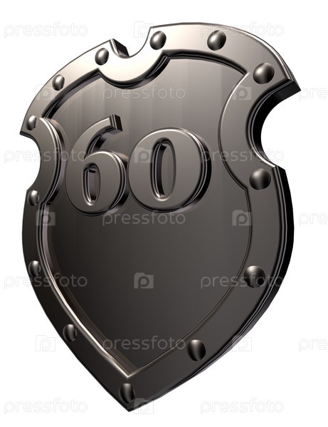 Металлический щит с номером 60 на белом фоне - 3d иллюстрация
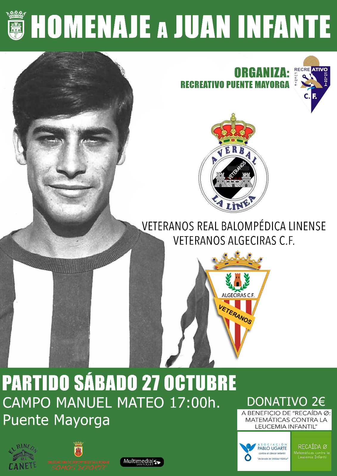 Puente Mayorga-San Roque (Cádiz), 27 de octubre de 2018. Las Asociaciones de veteranos de la Real Balompédica Linense “La Balona” y del Algeciras CF se dieron cita en el Campo municipal “Manuel Mateo” para rendir homenaje al ex futbolista de ambos equipos Juan Infante, una figura deportiva íntimamente ligada a los populares barrios de Puente Mayorga y Campamento.
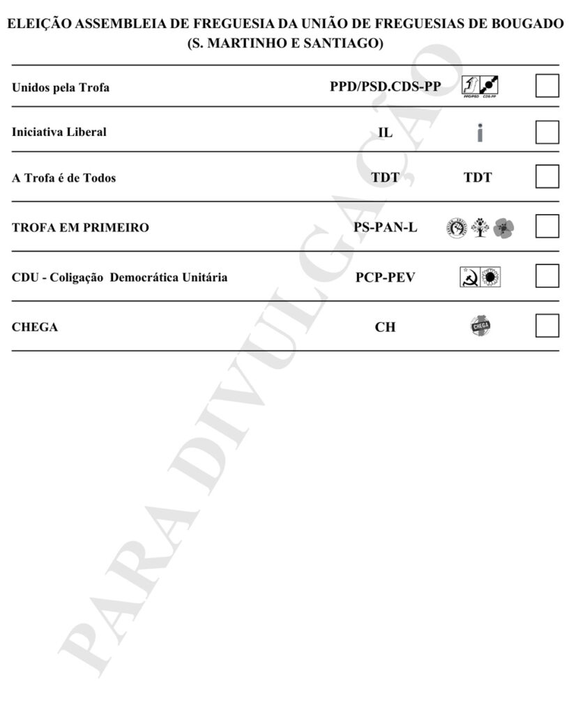 Esta é a ordem do boletim de voto para a Assembleia de Freguesia de Bougado
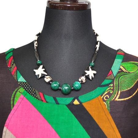マラカイトの美しい緑縞模様と、ヘマタイトの上品な光沢、自然な優しい手触りのカウボーン(牛骨)の組み合わせがユニーク、大人の女性の普段使いにふさわしい上品なネックレスです。
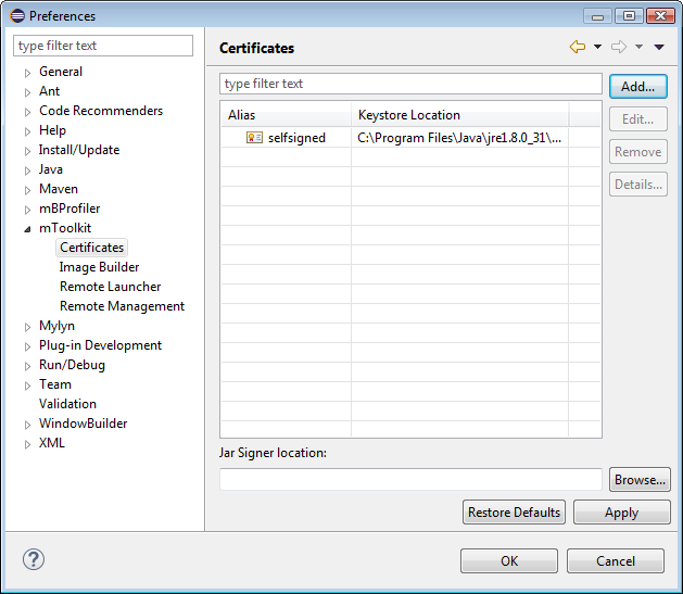 Enter the path to the jarsigner executable of your JDK in the Jar Signer Location text field or use the Browse button to locate it in the file system. It will be used to sign bundles and deployment packages.
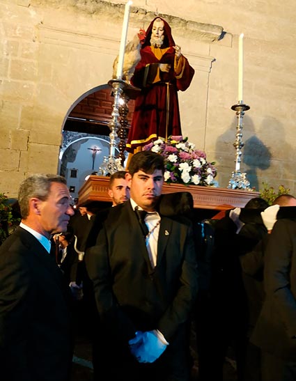 A las siete y media comenzó el Vía Crucis, con la salida de imágenes y su respectiva cofradía –después de rezar una estación en la plaza del Carmen y bendición con incienso de la misma por el párroco– para hacer el recorrido procesional, acompañada de sacerdotes de otras localidades, autoridades de Alhama y de policía municipal por calle Llana, Plaza de los Presos, paseo y vuelta de cada una de nuevo al templo.
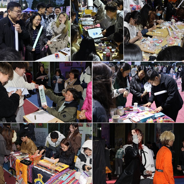 学生会、红会、社团等部门精心筹划,展示区域的活动各具特色,思贤书社、童嘎社、动漫社的社团活动以特色鲜明、精彩有趣吸引了师生的注意力,现场不仅有书法展示,还有藏文姓名书写以及各种手工DIY和猜谜活动,同人小说 领导、社团指导教师和在场同学积极互动,大家青春活力十足,师生携手共赴一场“青春之约”。
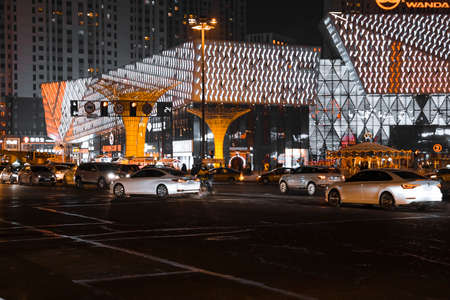 Jeju, South Korea, september 03, 2019: view from above on walking and shopping street at night
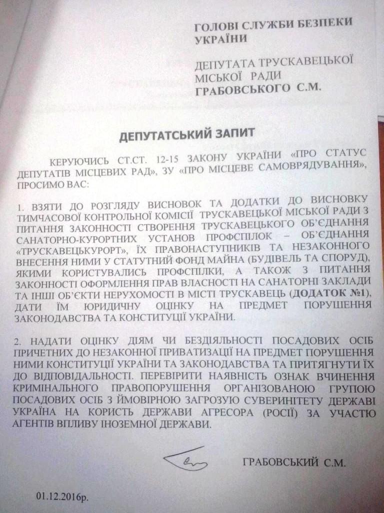 Трускавецькій міській раді звернутись з депутатським запитом:
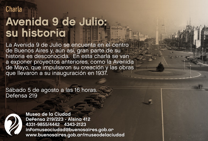 El Museo de la Ciudad, dependiente de la Dirección General de Patrimonio, Museos y Casco Histórico de la Ciudad de Buenos Aires, invita a disfrutar de la charla sobre la historia de la Avenida 9 de Julio, a cargo del Lic. Bruno Correia, el día sábado 5 de agosto a las 16 horas en la sede del Museo, ubicada en Defensa 219.
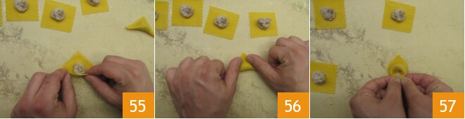 Humedece ligeramente los bordes de la pasta con agua y adhiere bien los dos bordes hacia ti llevándolos hacia la parte opuesta 55. Obtén una especie de triángulo y ciérralo bien con la punta de los dedos; realiza esta operación sobre la mesa de trabajo será más fácil 56. Une los dos extremos obteniendo la típica forma de “ombligo” 57.
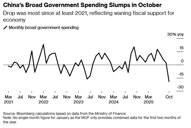 FX168财经报社(亚太)讯 美国彭博社周二(11月18日)报道称,中国的广义财政支出在10月出现自至少2021年以来最大幅度的下滑,削弱了这一关键投资与经济增长驱动力。
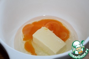 Остальной сахар, сливочное масло, щепотку ванилина, яйцо, желтки и соль взбить.
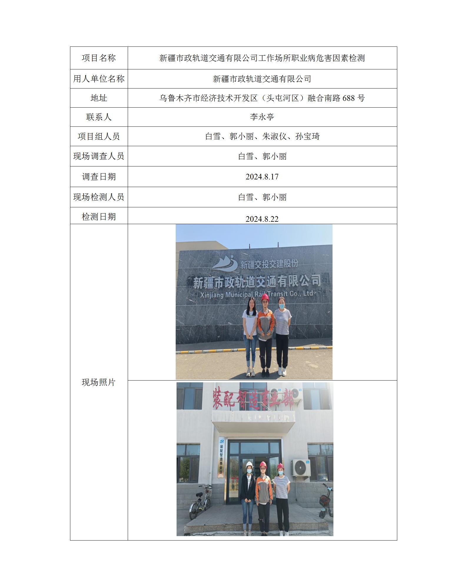 新疆市政轨道交通有限公司工作场所职业病危害因素检测
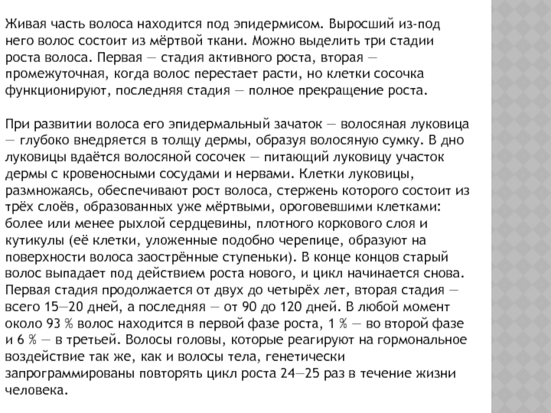 состоит из мёртвой ткани. Можно выделить три стадии роста волоса.
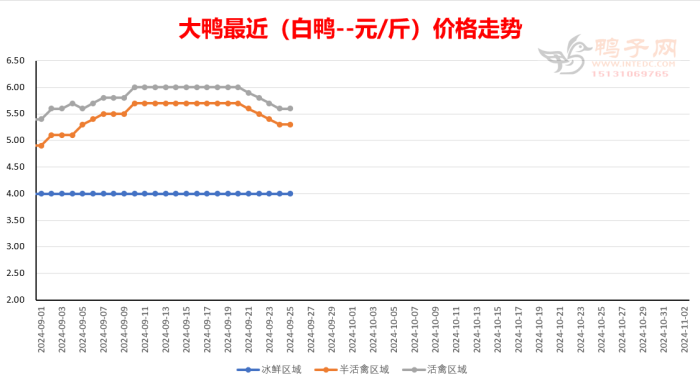 白鸭:局部零星下跌; 半番(M18):弱稳; 麻鸭:局部下跌; 区域性、结构性矛盾突出,活禽国庆消费预期。
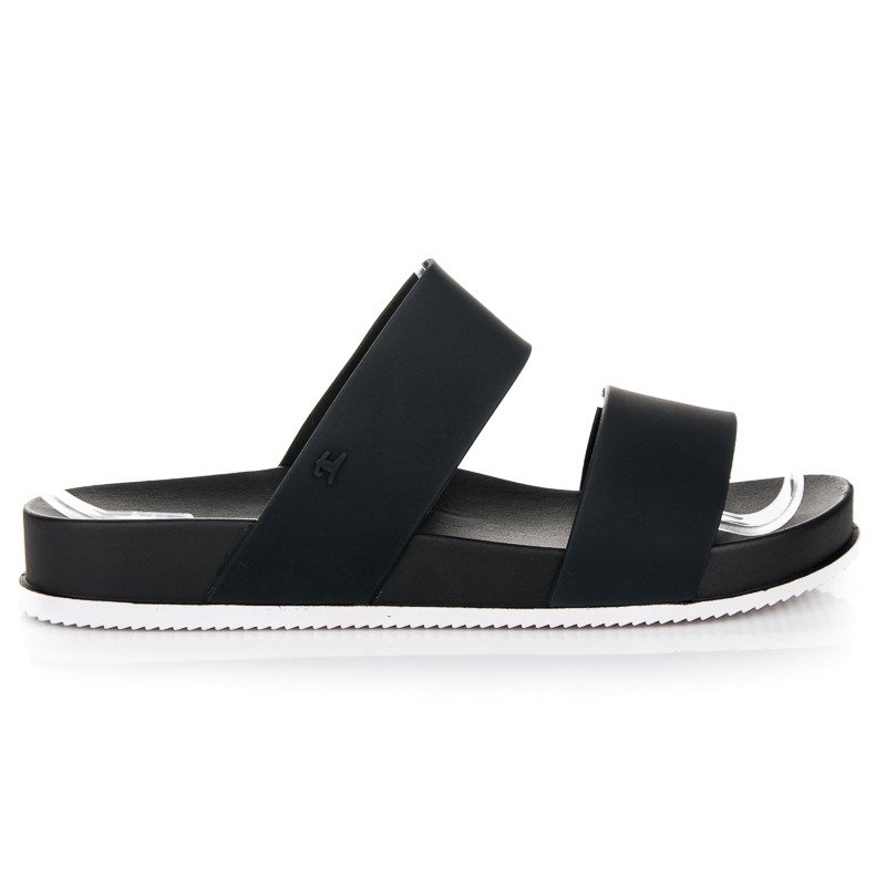 Șlapii Vinceza sunt perfecti pentru stilul de zi cu zi, iar designul lor minimalist negru îi face să se potrivească cu multe ținute de vară. O talpă largă de cauciuc cu benzi de rulare garantează o bună aderență pe diferite suprafețe. Cu o înălțime a platformei de 3 cm, aceste tobogane oferă o ridicare ușoară, menținând în același timp confortul.
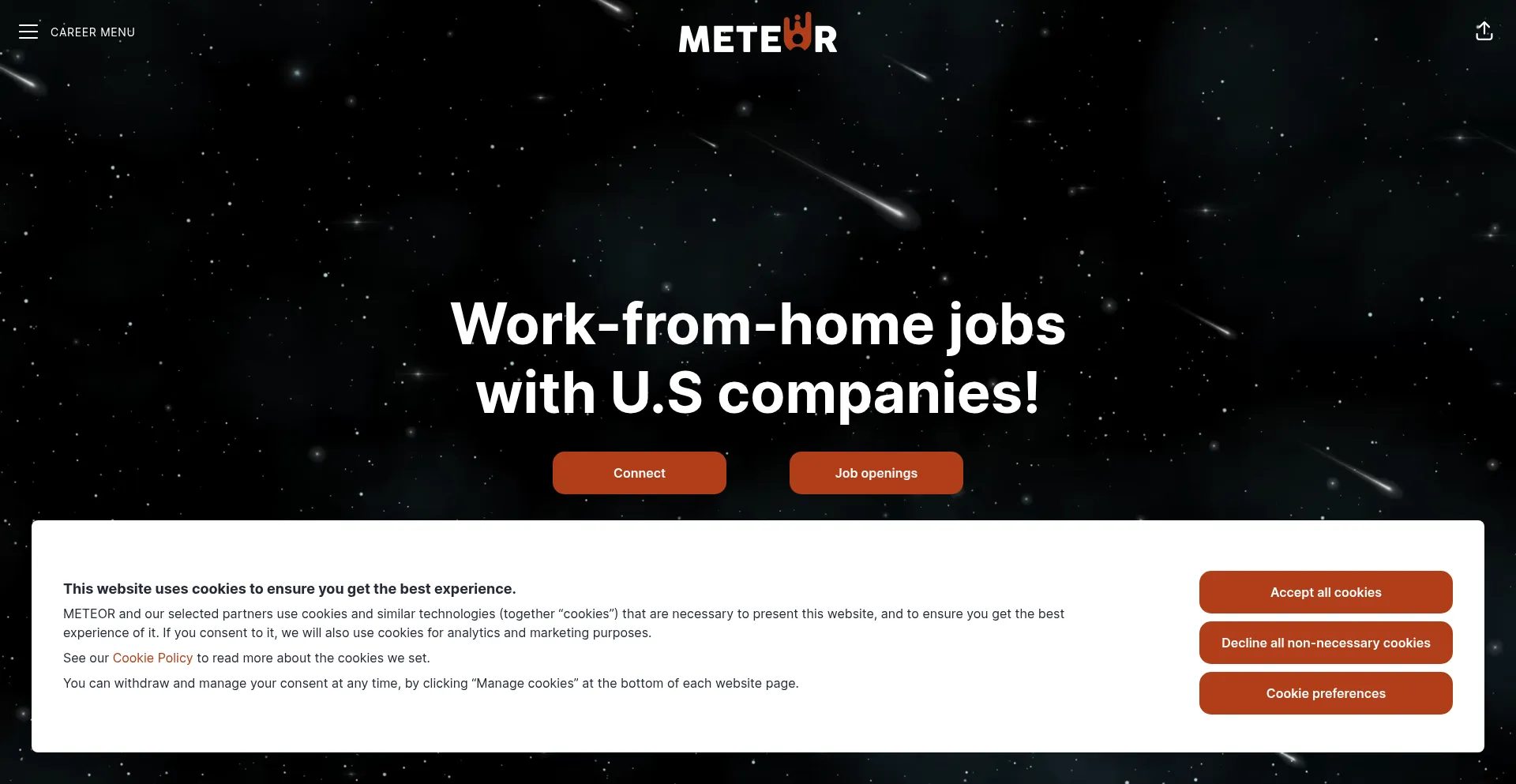 该网站实现符合GDPR或CCPA等隐私法规的cookie同意机制。这表明 careers.trymeteor.com 遵守数据保护标准并为用户提供对个人数据收集实践的控制。
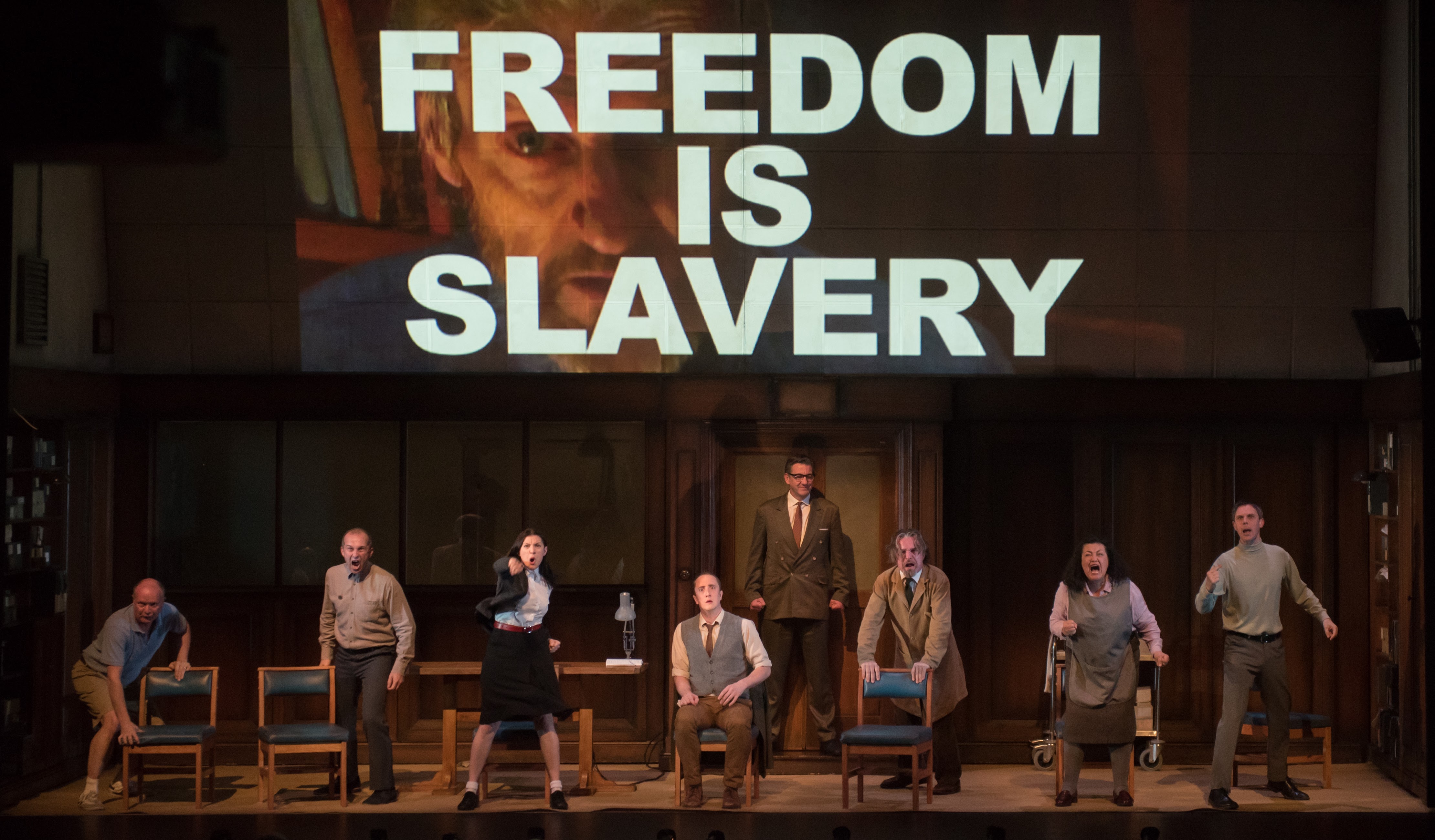 This production is lifted almost immeasurably by the superb work by the designers working under Icke and MacMillan, who also co-directed. Chloe Lamford’s set for the Victory Gardens is a bleak, forlorn building. The lighting and sound by Natasha Chivers and Tom Gibbons alternately stuns and startles, with throbbing strobe lights signifying changes in time while Tim Reid’s videos cast a sinister background, often evoking the Party slogans.
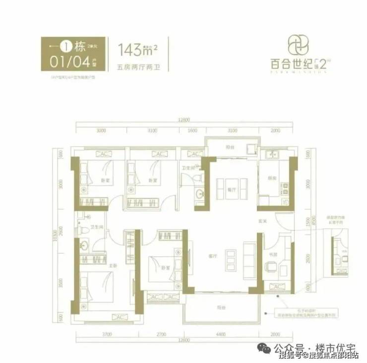 143㎡的5房2厅2卫,3栋1单元04/3栋2单元01户型,设计的是竖厅南北通透格局,进门入户玄关,客厅4.4米开间,客餐厅分离设计,南北双阳台,得房率约76%(不含赠送),阳台主朝西南或东南向。套内面积108.68㎡+赠送17.22㎡=实得125.9㎡,加上赠送得房率约88.04%。
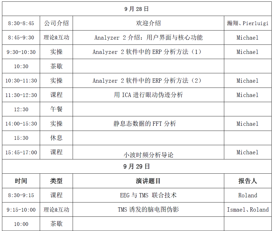 本次EEG/ERPs與TMS高級學術研討會之余,我們將邀請德國Brain Products公司科學團隊對相關實驗操作技術進行為期兩天的深入培訓,歡迎認知神經科學、臨床醫學等領域的科研人員和研究生參與學習,推動EEG/ERPs與TMS領域的研究探索!
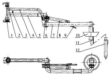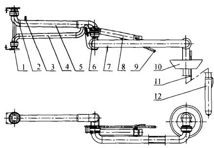 1一氣相連接法蘭;2—液相連接法蘭;3—排空閥;4—氣相內(nèi)臂;5—液相內(nèi)臂;6—旋轉(zhuǎn)接頭;7—液相外臂;8—氣相外臂;9—外臂平衡裝置(彈簧缸);10—外臂鎖定裝置;11—液位探頭;12—垂管

———

**Work request:**
Return exactly the lines of the data, beginning with the first and ending with the line containing "マラカイトの美しい緑縞模様と". Skip the pictures.

**Output of the exercise:**
 Металлический щит с номером 60 на белом фоне - 3d иллюстрация
 Puente Mayorga-San Roque (Cádiz), 27 de octubre de 2018. Las Asociaciones de veteranos de la Real Balompédica Linense “La Balona” y del Algeciras CF se dieron cita en el Campo municipal “Manuel Mateo” para rendir homenaje al ex futbolista de ambos equipos Juan Infante, una figura deportiva íntimamente ligada a los populares barrios de Puente Mayorga y Campamento.
 Esta é a ordem do boletim de voto para a Assembleia de Freguesia de Bougado
マラカイトの美しい緑縞模様と、ヘマタイトの上品な光沢、自然な優しい手触りのカウボーン(牛骨)の組み合わせがユニーク、大人の女性の普段使いにふさわしい上品なネックレスです。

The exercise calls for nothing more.